Тогда он встал, принес из комнаты коньяк, налил себе в стакан.
— Прости… не люблю вино… — И одним глотком все сразу. — Прости, дочка.
Собственно, здесь не только его вина, если быть справедливым. Упрекать всегда легко. Пусть другие отвечают. Пусть он, отец, решает, как быть. Сама же тогда зимой разревелась, прибежав с автобусной остановки: «Не хочу видеть его… Его общежития… Руки грубые, мозолистые, лицо красное от ветра…» Теперь папа виноват. Ясное дело! Хотел как лучше… Голубовичи! Одесские мореходы! Флотоводцы! В роду — адмиралы, герои, ветераны… Такое родство не помешало бы.
— Не буду ни тебя корить, ни себя оправдывать, дочка, — захмелевшим голосом произнес отец. — Видать, не угадала ты своего сердца. Не угадала в Петре личности.
— Ты считаешь, что он — личность? — оживившись, спросила Майя.
— Полагаю, да. Умен, напорист, башковит. Такие умеют делать карьеру.

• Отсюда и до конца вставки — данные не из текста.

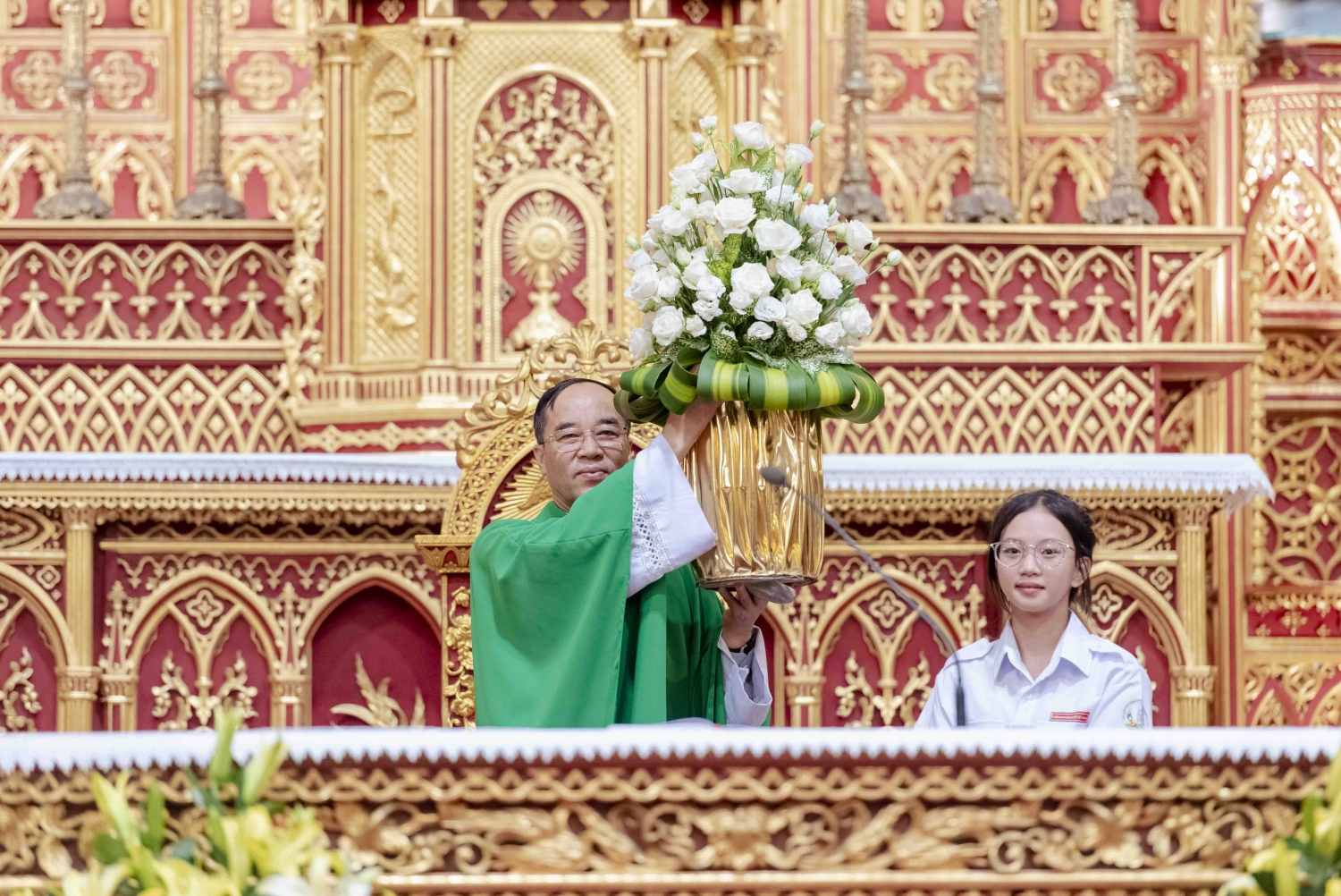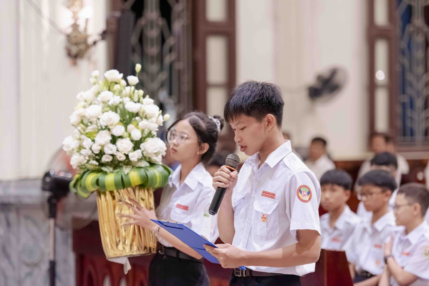 Kết thúc Thánh lễ, 1 bạn đại diện cho các Tân Giáo lý viên dâng lời tạ ơn Thiên Chúa, tri ân Quý Cha, quý Thầy, quý dì và cộng đoàn.

— Я не о том, папа, — болезненно сморщилась дочь. — Вовсе не о том…
— Да, да, я понимаю, — быстро согласился отец. — Вообще тебе, конечно, виднее. Некоторая неотесанность со временем пройдет. — Он вздохнул, и, губы его тронула ироническая усмешка. — Любовь — не пожар, а загорится, не потушишь. — Он подлил ей вина, плеснул и себе из коньячной бутылки. Охмеление всегда вызывало у него желание пофилософствовать. — Лучше жить с любящим, чем просить милостыню у нелюбящего.

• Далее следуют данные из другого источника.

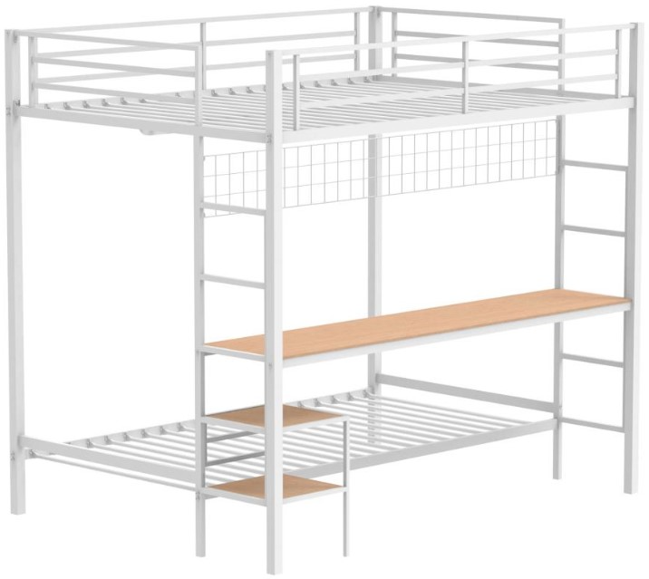 Full-over-twin bunk bed in matte white powder-coated metal with integrated modern design

— Но ведь он меня любит! — Майя едва не всхлипнула.
— Ну, это ты брось! Любовные страдания тебе не к лицу, Маюша. Уж кому-кому, а тебе грешно роптать на судьбу. — Он почти заискивающе ей улыбнулся. — Если с полной откровенностью, то я не очень верю в твою пылкую страсть к этому Невирко. Такие, как ты, нравятся мужчинам, — он ласково потрепал ее по бледной, мокрой щеке. — А он мужик! Ты можешь влюбить в себя самого принца датского. Не терзайся. Голубович еще покажет себя. Больной, да. Давление, кризы и прочее. Но ведь и докторская у него на носу. А это кое-что значит… Потерпи…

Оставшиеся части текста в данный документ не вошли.